- [What the exercise asks]: Using the material below, repeat exactly the lines from the one with "Fashion Nova Haliee" through the one with "Drewniany zestaw narzędzi", ends included, without any images.
*** Begin section ***
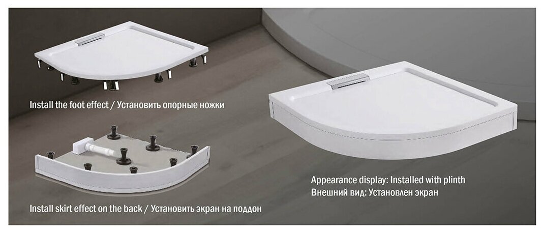 | Особенности | Можно использовать ножки (продаются отдельно) или любая другая опора. Экран для поддона продается отдельно. |
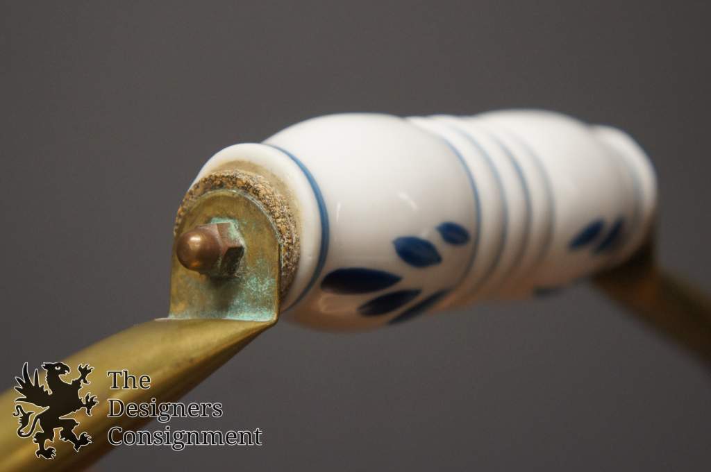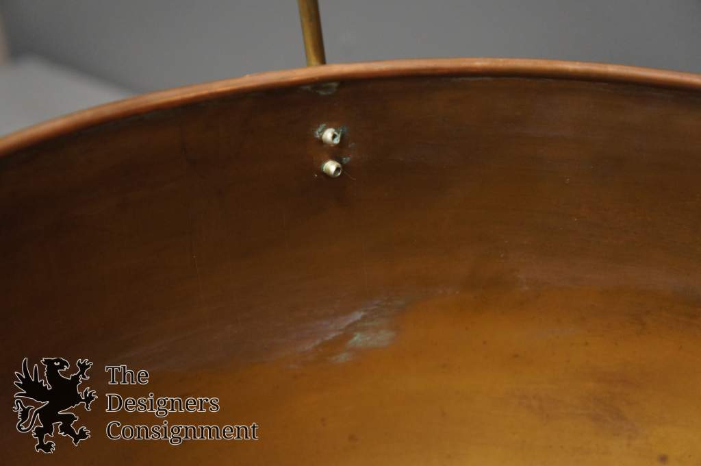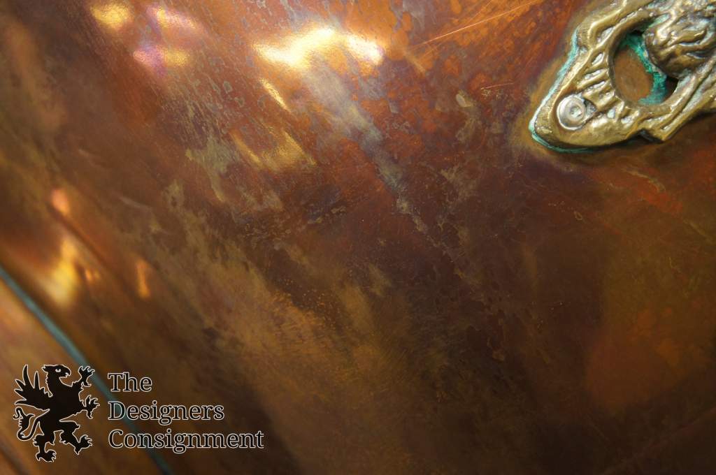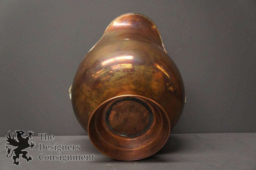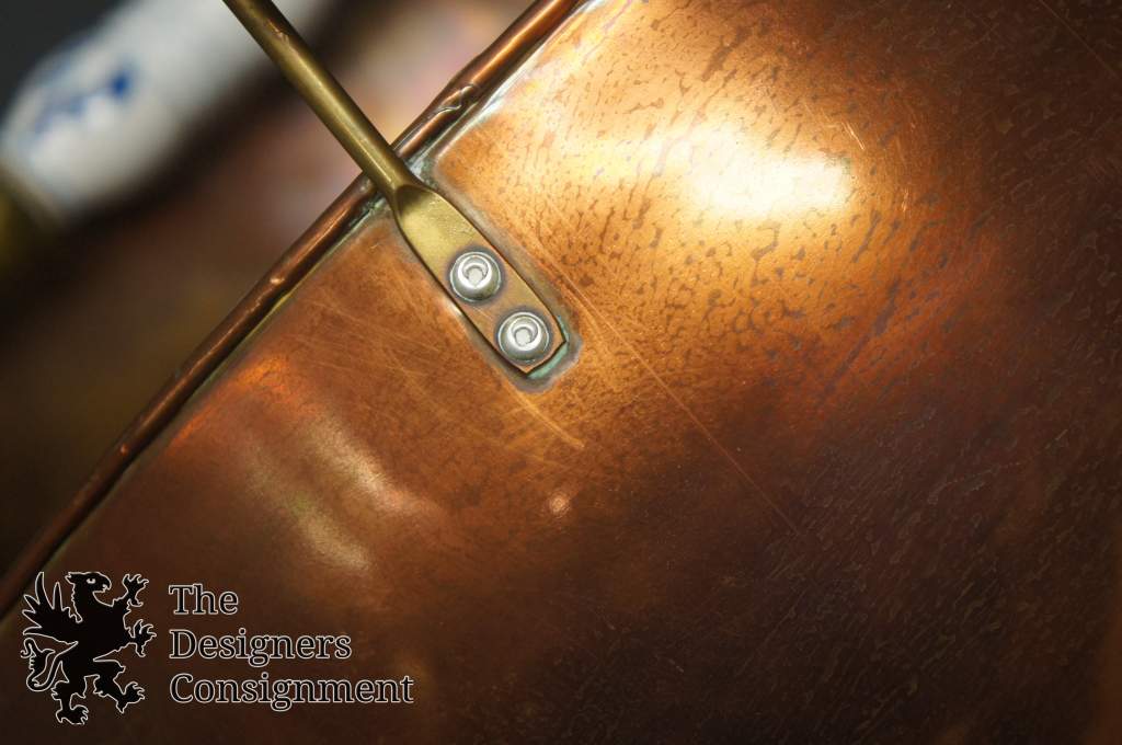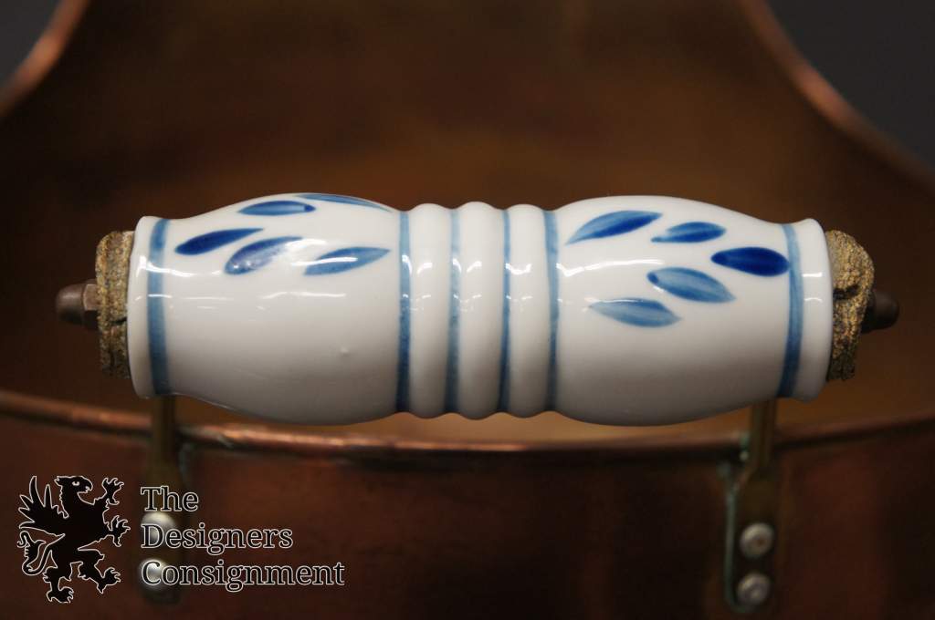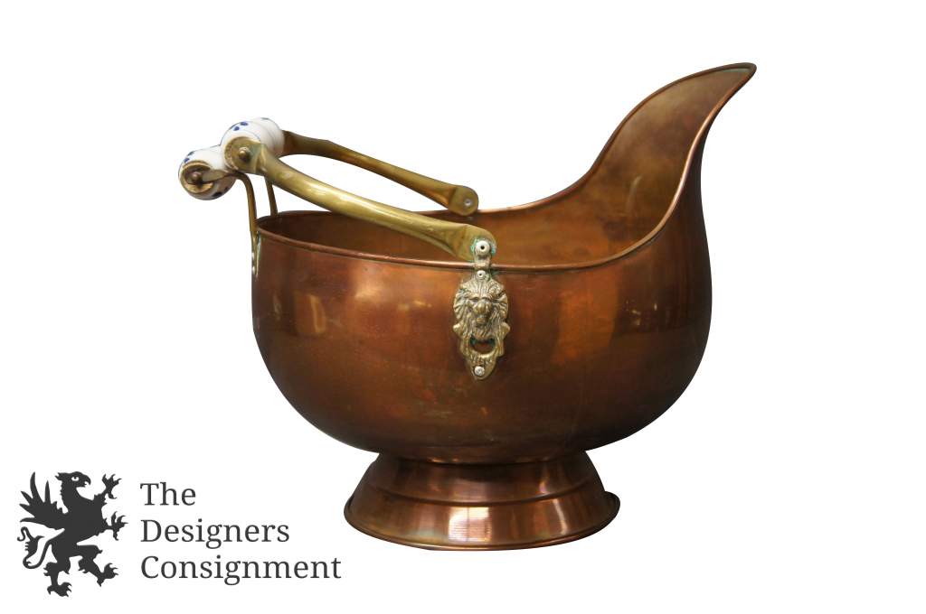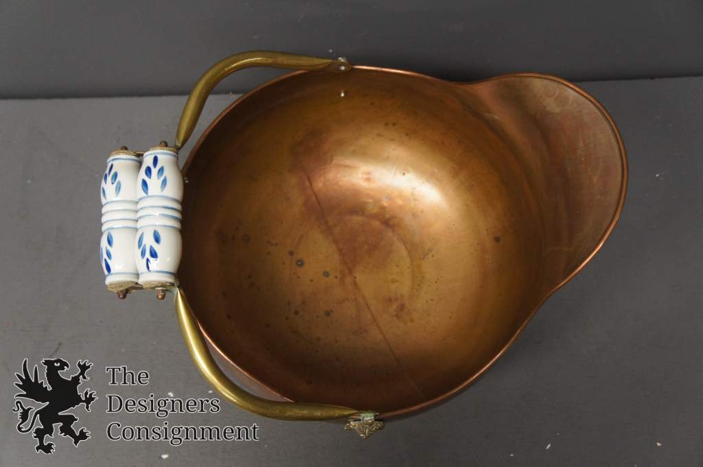 Beautiful copper fireplace coal scuttle bucket. Brass arms with Delft porcelain handles. A great addition to any setting.
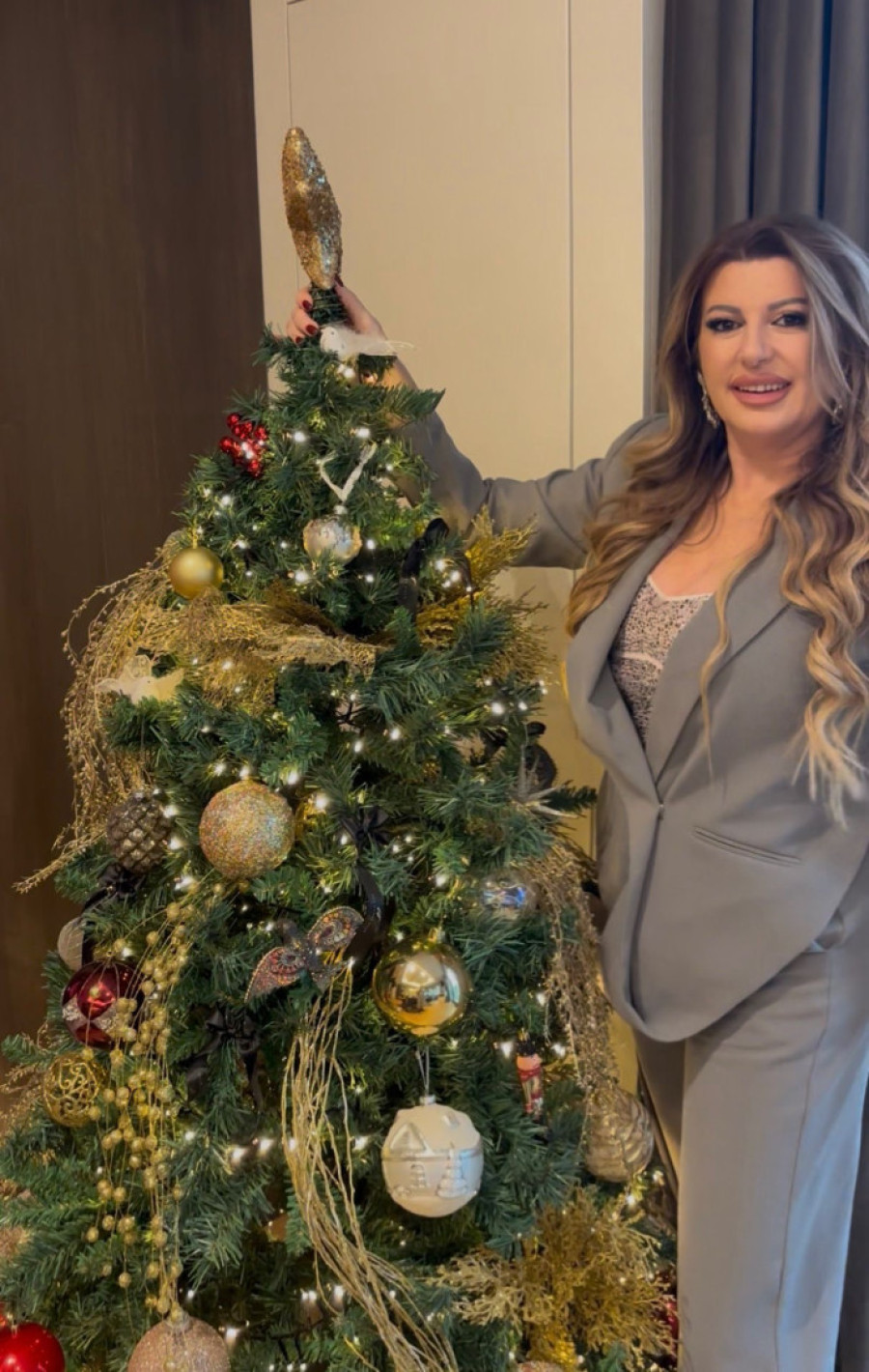 Pevačica je iskoristila početak decembra da se pripremi za praznike koji nam se bliže, a ove godine okitila je čak dve jekle. Prvo novogodišnje drvo ukrasila je u stanu u kome živi, a oko dekoracije su joj pomagali suprug Dragan Tašković Taške i sin Andrej.
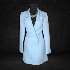 Fashion Nova Haliee Blazer Mini Dress Trench Coat Light Blue M
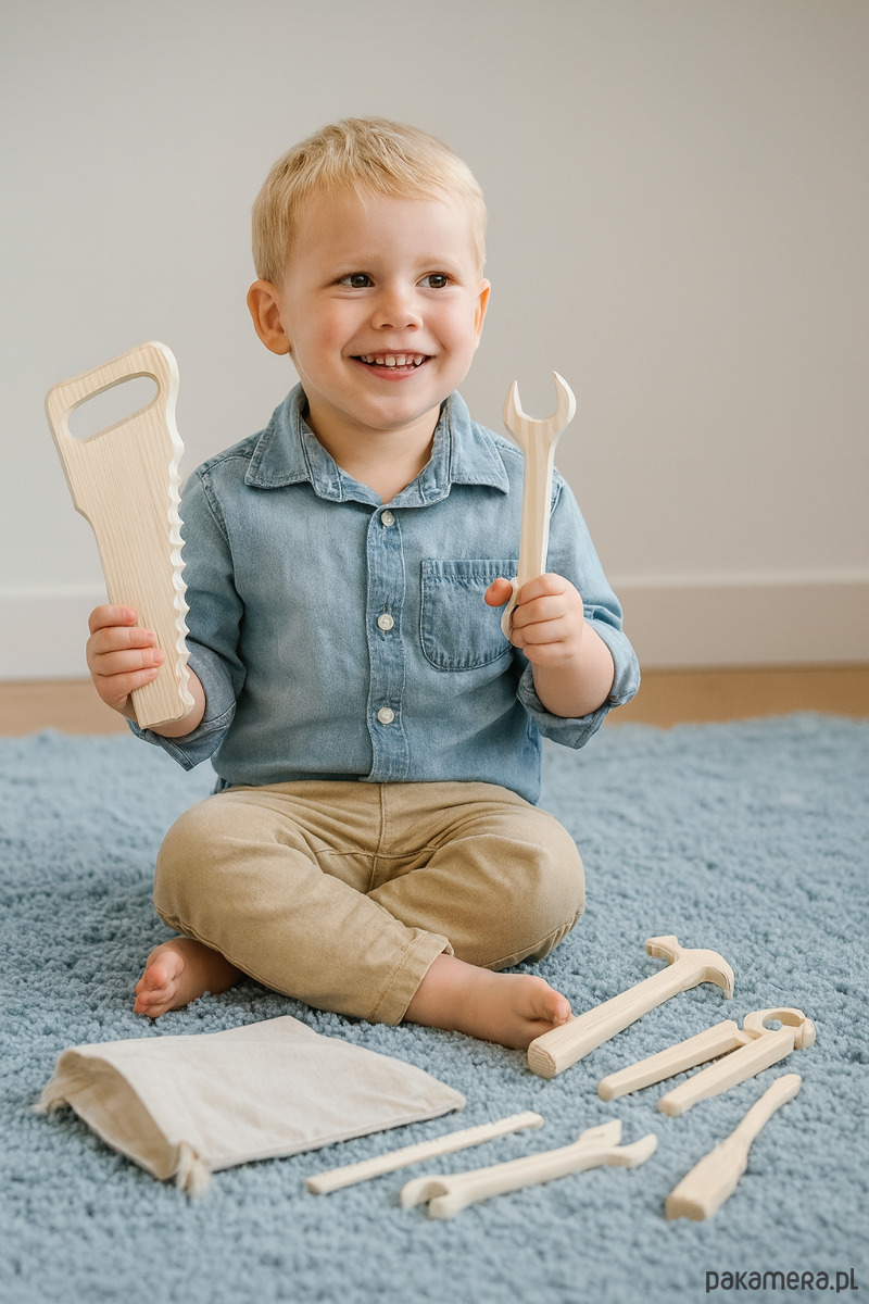 Drewniany zestaw narzędzi narodził się z miłości do wyobraźni i kreatywnej zabawy dla małych dzieci.
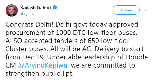प्रेस कांफ्रेंस में मंत्रिमंडल के फैसलों की जानकारी देते हुए परिवहन मंत्री कैलाश गहलोत ने बताया कि 1000 लो फ्लोर बस क्लस्टर में 650 के टेंडर की स्वीकृति मिल गई है, जबकि 350 बसों का टेंडर जल्द ही शुरू होगा। उन्होंने बताया कि 1000 इलेक्ट्रिक बसों का टेंडर खुल चुका है। जनवरी से अप्रैल तक ये सभी बसें आ जाएंगी। इन बसों के आने से डीटीसी के बेड़े में 9500 बसें हो जाएंगी।
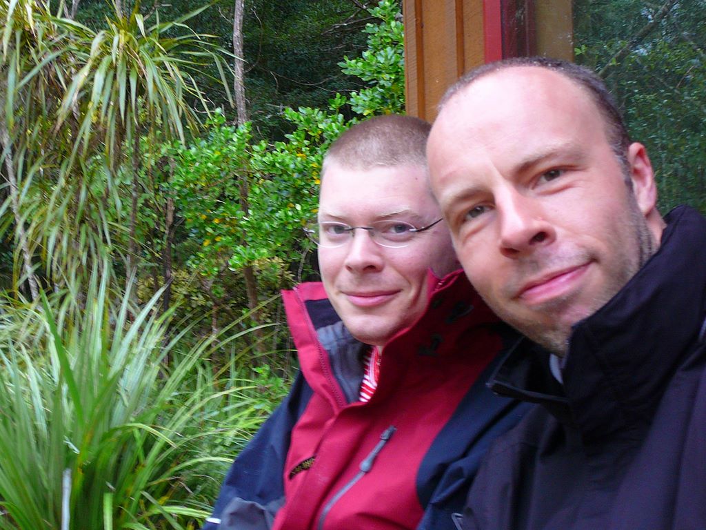 47. Face à la rivière, et regardant la pluie tomber, Seby et moi, fin heureux!
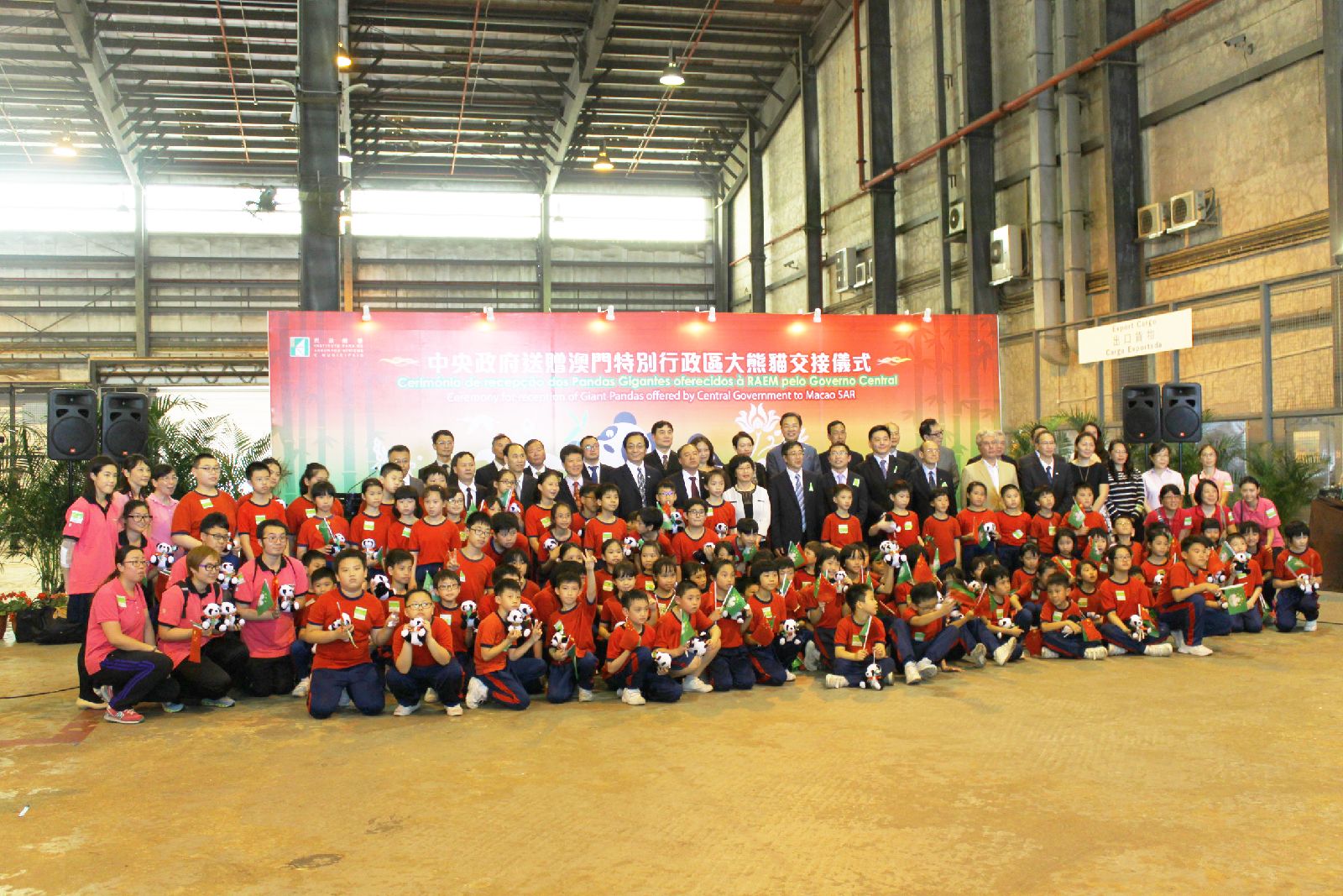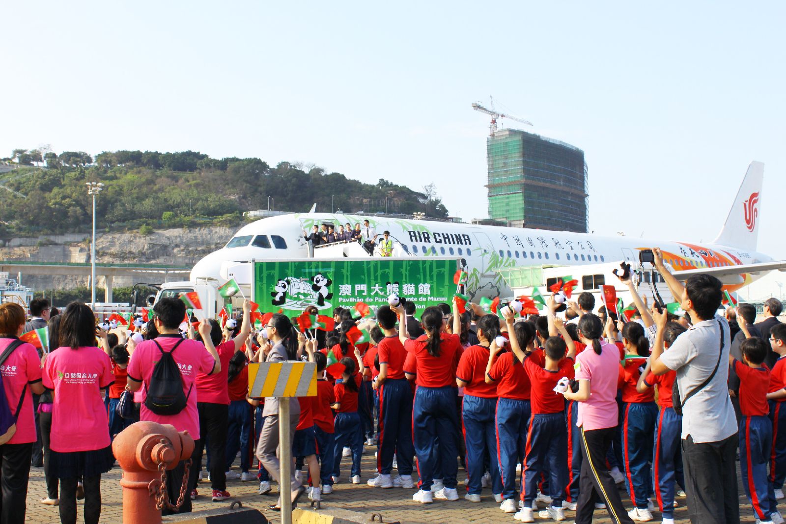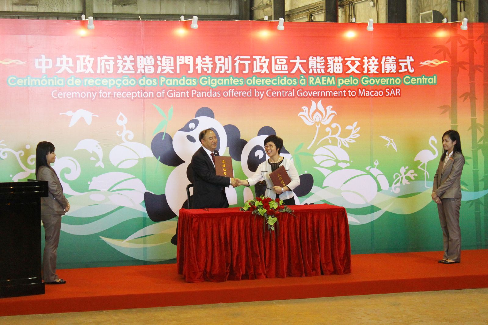2015年4月30日下午4时左右,中央政府赠送澳门的新一对大熊猫乘专机顺利抵达澳门国际机场,并举行简单而隆重的欢迎仪式,国家林业局副局长陈凤学与行政法务司司长陈海帆签署交接证书,象征一对大熊猫正式落户澳门。
*** End section ***
- [Result for this task]:
 Fashion Nova Haliee Blazer Mini Dress Trench Coat Light Blue M
 Drewniany zestaw narzędzi narodził się z miłości do wyobraźni i kreatywnej zabawy dla małych dzieci.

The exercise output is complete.